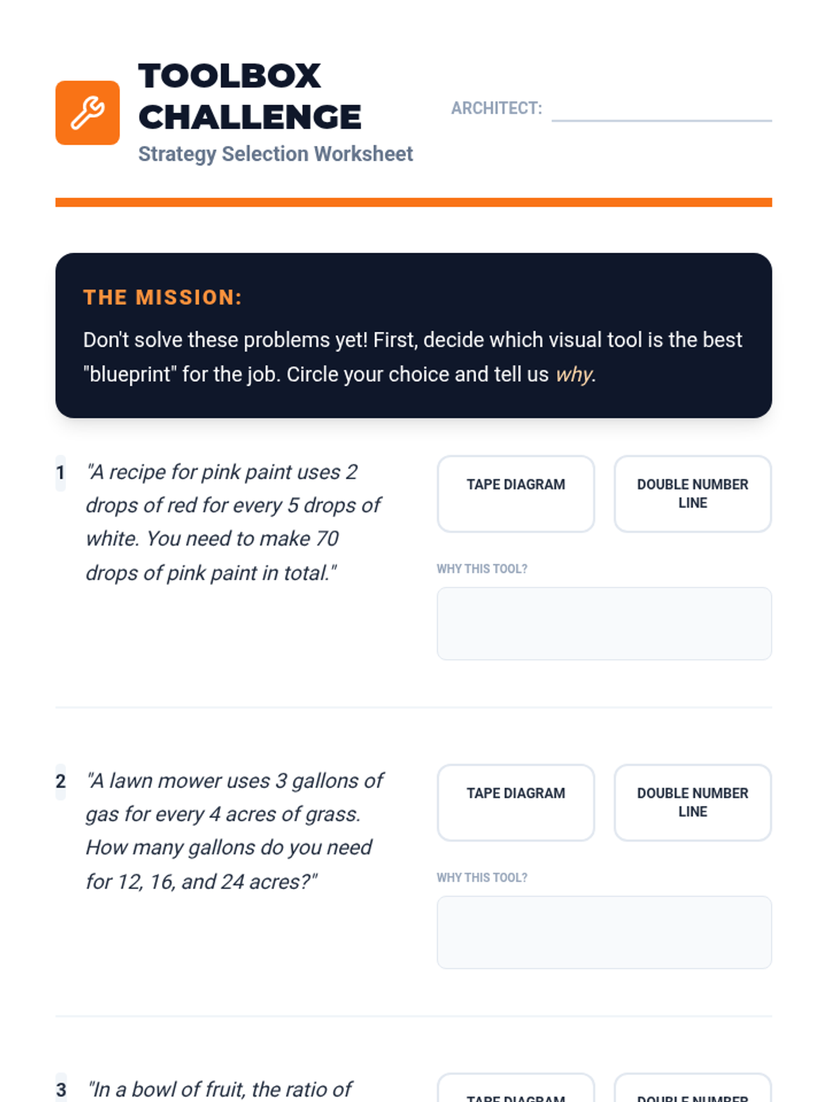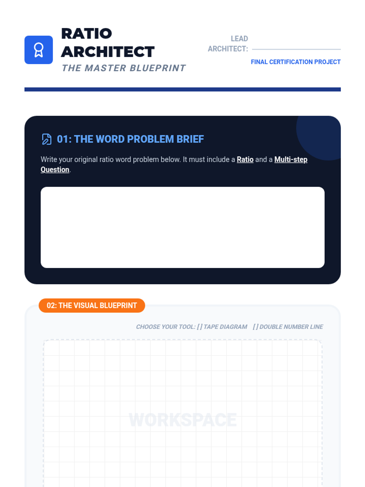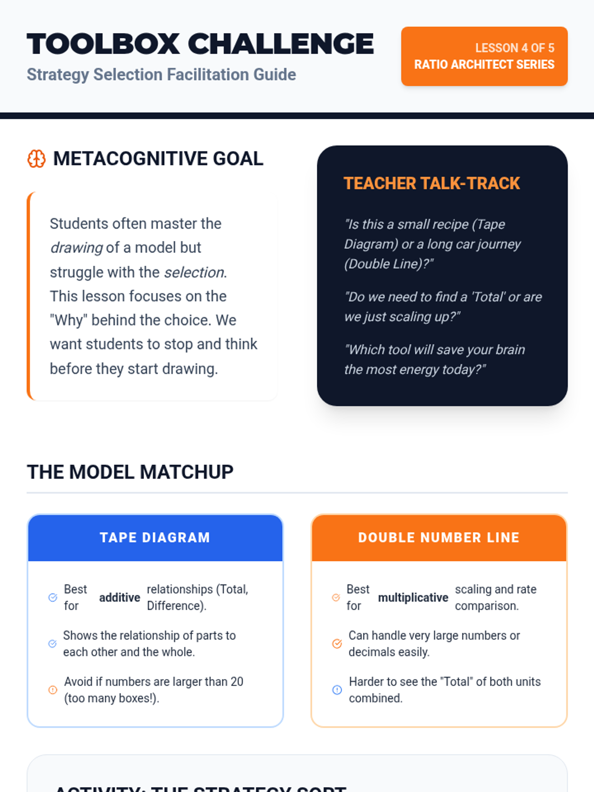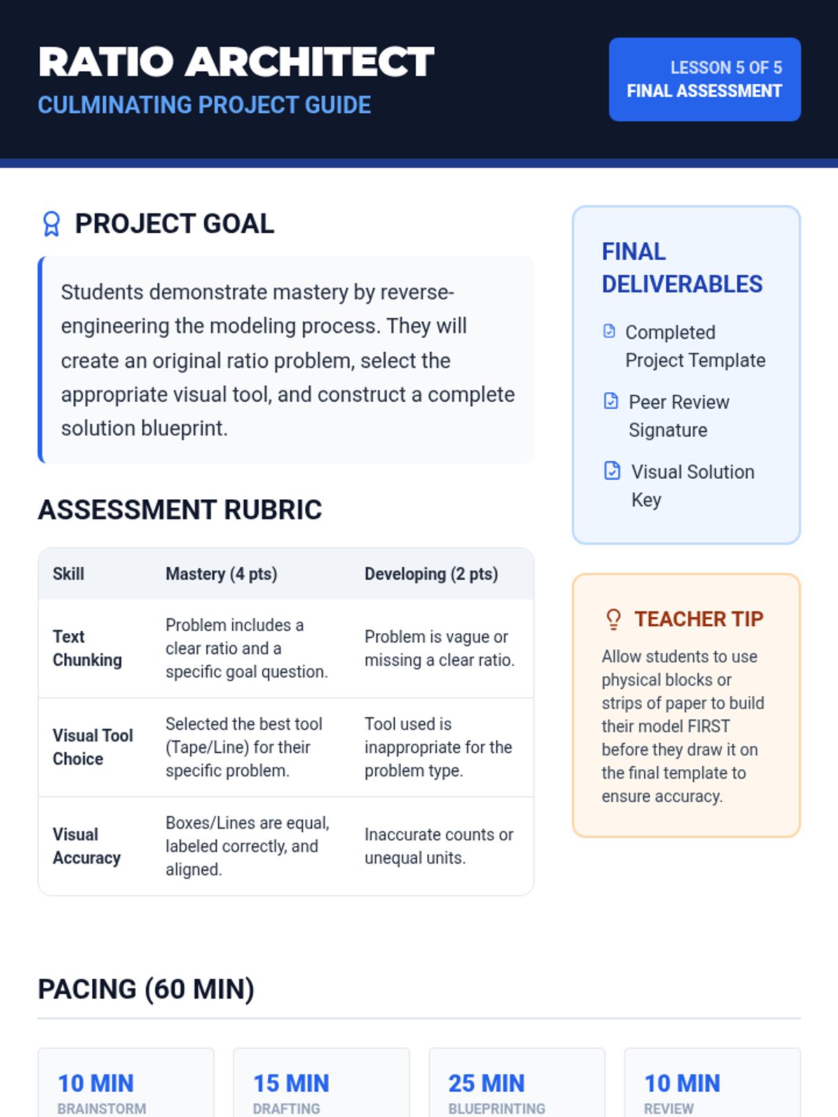 A comprehensive 6th-grade math sequence focused on visual modeling strategies for ratios. Students learn to use tape diagrams and double number lines to decode and solve complex word problems, moving from concrete representation to abstract application.
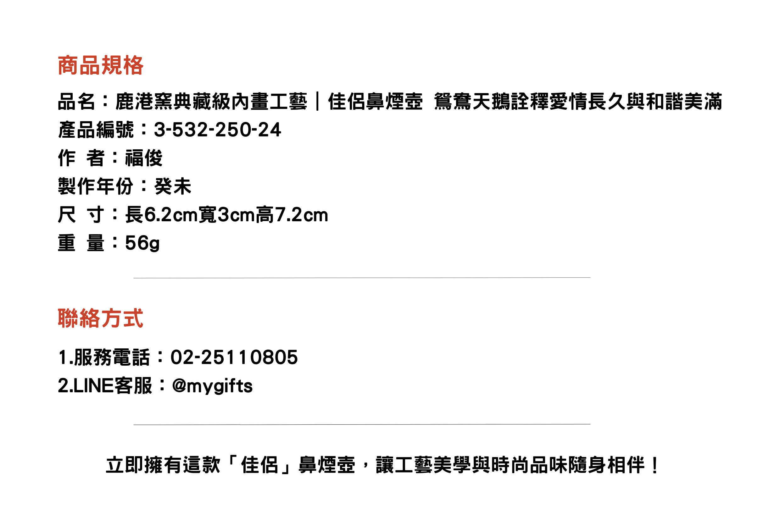 佳侶鼻煙壺以精緻內畫詮釋愛情的永恆與和諧,匠心工藝展現優雅魅力,值得珍藏與品味。
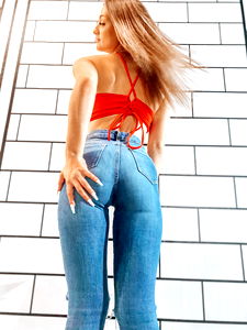 Brann โค๏ธ in a Denim Tight Photoshoot. The model is posing against a brick wall, flaunting a red bikini top with a low neckline that accentuates the fit of the blue denim pants. Her long blonde hair cascades down her back, and she stands confidently on one foot while looking over her shoulder.
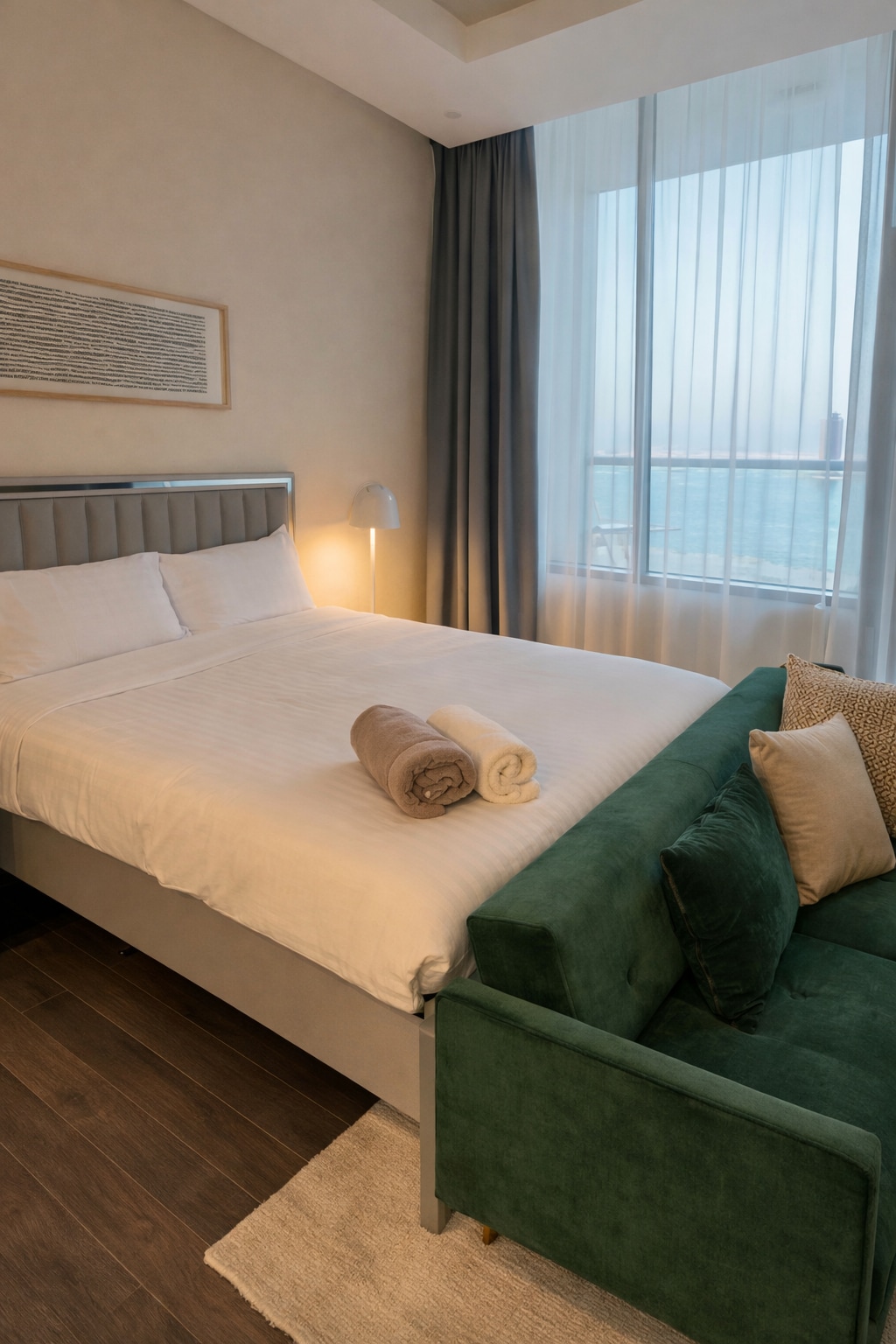 Fáilte chuig do thearmann sómasach i gcroílár Bhairéin! Agus é suite ar an 24ú hurlár d'ardú nua - aimseartha, tá radhairc iontacha ar spéirlíne na cathrach san árasán 1 sheomra leapa seo. Deartha le haghaidh compoird agus stíle, tá feistis chomhaimseartha, cistin lánfheistithe, agus na saoráidí go léir a theastaíonn uait le haghaidh fanacht suaimhneach inár dteach teaghlaigh! Dúisigh go vistas iontacha, lig do scíth sa limistéar fairsing maireachtála, agus bain sult as ár gCóras Baile Cliste, Ag baint úsáid as Alexa chun cuirtíní, teilifís agus glas dorais a choigeartú agus a mhodhnú!
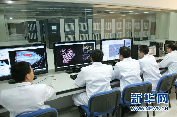 這是科研人員在對“天河一號”超級計(jì)算機(jī)進(jìn)行系統(tǒng)性能測試(資料照片)。 新華社發(fā) (何書遠(yuǎn) 攝)
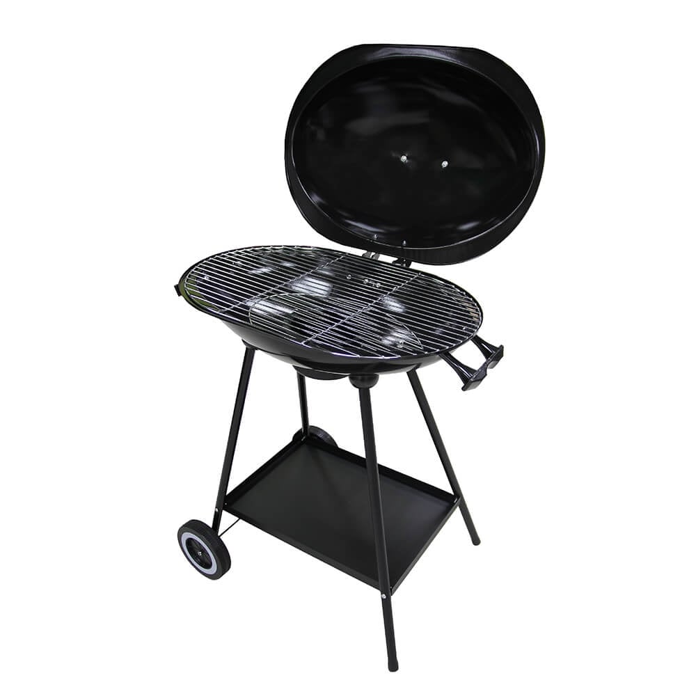 Oval Kettle BBQ is Ideal for small patios or gardens. It features a round cooking area, storage tray, hooded lid and an ash catcher which makes cleaning easy. There are 2 wheels which make it easy and store away.

WORK INSTRUCTIONS:
Transcribe the data exactly and leave no picture in the copy.

TASK SOLUTION:
 A comprehensive 6th-grade math sequence focused on visual modeling strategies for ratios. Students learn to use tape diagrams and double number lines to decode and solve complex word problems, moving from concrete representation to abstract application.
 佳侶鼻煙壺以精緻內畫詮釋愛情的永恆與和諧,匠心工藝展現優雅魅力,值得珍藏與品味。
 Brann โค๏ธ in a Denim Tight Photoshoot. The model is posing against a brick wall, flaunting a red bikini top with a low neckline that accentuates the fit of the blue denim pants. Her long blonde hair cascades down her back, and she stands confidently on one foot while looking over her shoulder.
 Fáilte chuig do thearmann sómasach i gcroílár Bhairéin! Agus é suite ar an 24ú hurlár d'ardú nua - aimseartha, tá radhairc iontacha ar spéirlíne na cathrach san árasán 1 sheomra leapa seo. Deartha le haghaidh compoird agus stíle, tá feistis chomhaimseartha, cistin lánfheistithe, agus na saoráidí go léir a theastaíonn uait le haghaidh fanacht suaimhneach inár dteach teaghlaigh! Dúisigh go vistas iontacha, lig do scíth sa limistéar fairsing maireachtála, agus bain sult as ár gCóras Baile Cliste, Ag baint úsáid as Alexa chun cuirtíní, teilifís agus glas dorais a choigeartú agus a mhodhnú!
 這是科研人員在對“天河一號”超級計(jì)算機(jī)進(jìn)行系統(tǒng)性能測試(資料照片)。 新華社發(fā) (何書遠(yuǎn) 攝)
 Oval Kettle BBQ is Ideal for small patios or gardens. It features a round cooking area, storage tray, hooded lid and an ash catcher which makes cleaning easy. There are 2 wheels which make it easy and store away.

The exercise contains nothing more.